World food prices surged to a new peak early in 2011, raising supermarket prices and putting pressure on our wallets. Wheat prices alone have doubled since June last year. This price rise is contributing to a continued increase in the number of people in the developing world who go to bed hungry at night.
Why are food prices so volatile? How does all of this relate to factory farming?
In many developed countries, rising food prices are an inconvenience for many, and much more significant for those on low incomes. In poorer developing countries, price rises of staplefoods can be catastrophic. Not only do people go hungry, the impacts can be felt for a generation. The 2008 food price rise saw a big increase in the number of malnourished children, with resulting damage to their longer term physiological and mental development.
WHAT AFFECTS THE WORLD’S FOOD PRICES?
Many factors contribute to recent rises in the price of food. Droughts and floods have devastated some harvests and according to the World Development Movement, banks, hedge funds and pension funds can also have a drastic impact. Betting on food prices in the financial markets can cause drastic price swings in staple foods such as wheat, maize and soy. Much of the world’s grain harvest now goes into biofuel production in attempts to make energy and transport “greener”. Finally, as countries develop and urban middle classes grow, there is increasing demand from countries (such as China) for more food in general and more animal products in particular.

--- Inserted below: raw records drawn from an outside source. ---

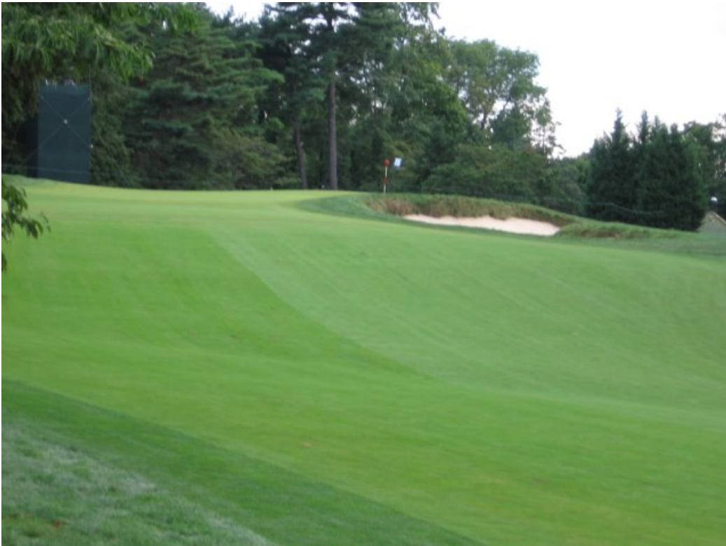
Hole #15-Par 4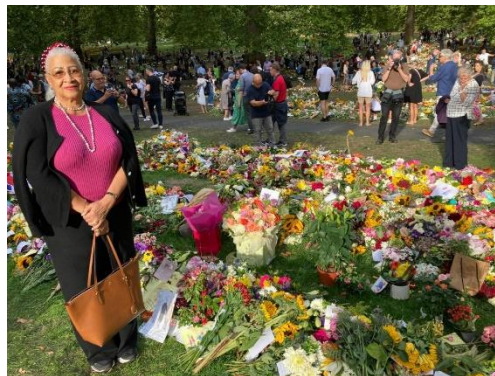
A parishioner sent us a picture of her visiting Green Park where she went to see the flowers in tribute to the Queen

The key qualities of the Queen have been emphasised time and time again, her loyalty, faithfulness, stability, love, and a very strong sense of Service for others, and, of course, her Christian Faith. But they are not just qualities for a Queen, they are ours too, to live by and try to keep, as hard as it so often is. The Archbishop of Canterbury recognised all this in his sermon given at Westminster Abbey, which is printed in full below. So, whether monarchist or not, what took place on Monday was a time that will be etched on our memories, for the late Queen and for ourselves. It will not be easily forgotten.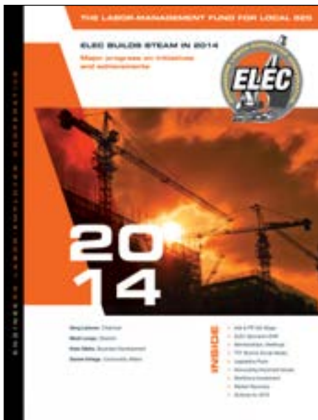
ELEC's 2014 annual review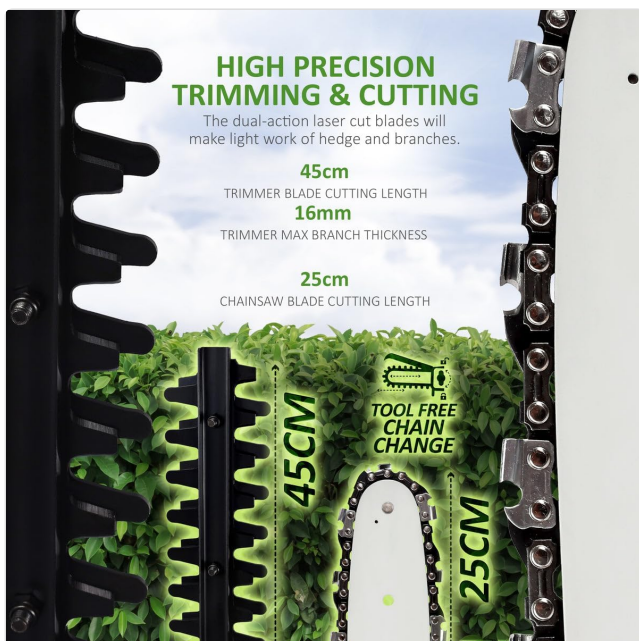
Figure 6: Shows the 45cm trimmer blade cutting length and 16mm maximum branch thickness for the hedge trimmer.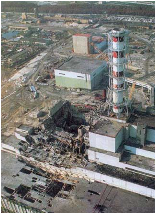
The aftermath of the 1986 Chernobyl accident, showing damage to the main reactor hall and the turbine building. This type of plant was never intended for electric power generation.

about the supposedly uncontrollable risks of permanent disposal!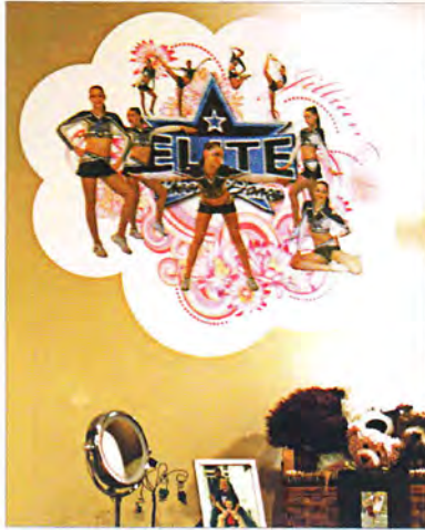
Application: Wall Graphics Material: wallNOODLE ™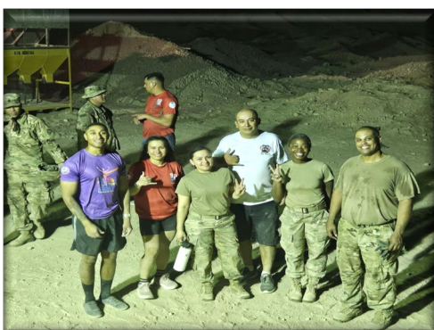
HHC Soldiers helping with base defense by filling sandbags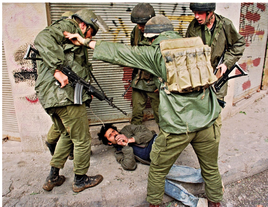
An Israeli soldier restrains another from manhandling an arrested Palestinian who lies on a Nablus street with his hands tied together, during anti-Israeli demonstrations in the first intifada in February 1988.

manner that has affected both countries well into the 21st century.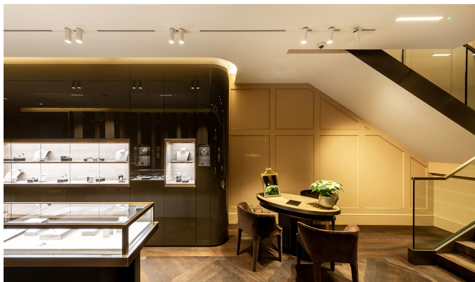
A.24 System + Vector Magnetic | Sharp Recessed - Carlotta de Bevilacqua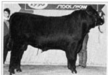
Sale bull show junior champion Woodstone Brodie 8009.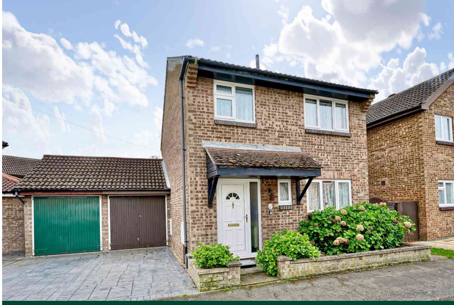
Wheatsheaf Road, Alconbury Weston PE28 4LF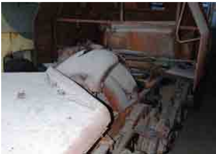
➤ Right view on the inside of 7/1 Sd.Kfz.

This last factor is particularly crucial to the rising cost of food.

Keeping animals indoors, often in barren and crowded sheds, and feeding them crops that people could eat simply does not make sense in a world wracked with poverty and hunger. It takes 20kg of feed to produce 1kg of edible beef, over 7kg of feed for 1kg of edible pork and 4.5kg for 1kg of edible chicken.
FACTORY FARMING: AT THE ROOT OF THE PROBLEM
Currently over a third of all cereals grown in the world are used to feed animals rather than people. Over 90% of soya is grown primarily to supply the animal feed sector. If we could reduce the demand from the animal feed sector, then common sense – and scientific evidence – tells us there would be an increase in availability of wheat, maize and soy for humanity’s needs.
Over half of the world’s pigs and over two thirds of poultry are now factory farmed. These intensively farmed animals are reared in systems that are dependent on cereal and soya feeds for fast growth and high yield. Although dairy cows, being ruminants, are naturally adapted to grazing and eating grasses, they are now being bred to be more dependent on cereal and soya feeds too, with less and less reliance on grazing – all in order to increase milk yields. Even in the UK, Compassion has been campaigning against plans for thousands of cows to be kept with minimal or no access to grass.
WHY THE WORLD NEEDS COMPASSION IN WORLD FARMING
Climate change, speculation and demographics may all be playing a part in driving up world food prices but a major factor is the increase in meat and dairy consumption fuelled by factory farming with its insatiable demand for cereals and soya. Early action to tackle this trend could yield immediate tangible benefits for everyone, including the world’s poorest.
Now that we have formal ‘liaison status’ with the United Nation’s Food and Agriculture Organisation (FAO), Compassion is today in a stronger position than ever to share our vision of a world that has moved ‘beyond factory farming’. This vision has never been so urgent – factory farming represents the biggest cause of animal cruelty on the planet and is now causing untold misery to millions of the world’s poorest people.
With your support, we will use every argument available to bring about a global change in the way we feed our species. The lives of billions of animals and people hang in the balance.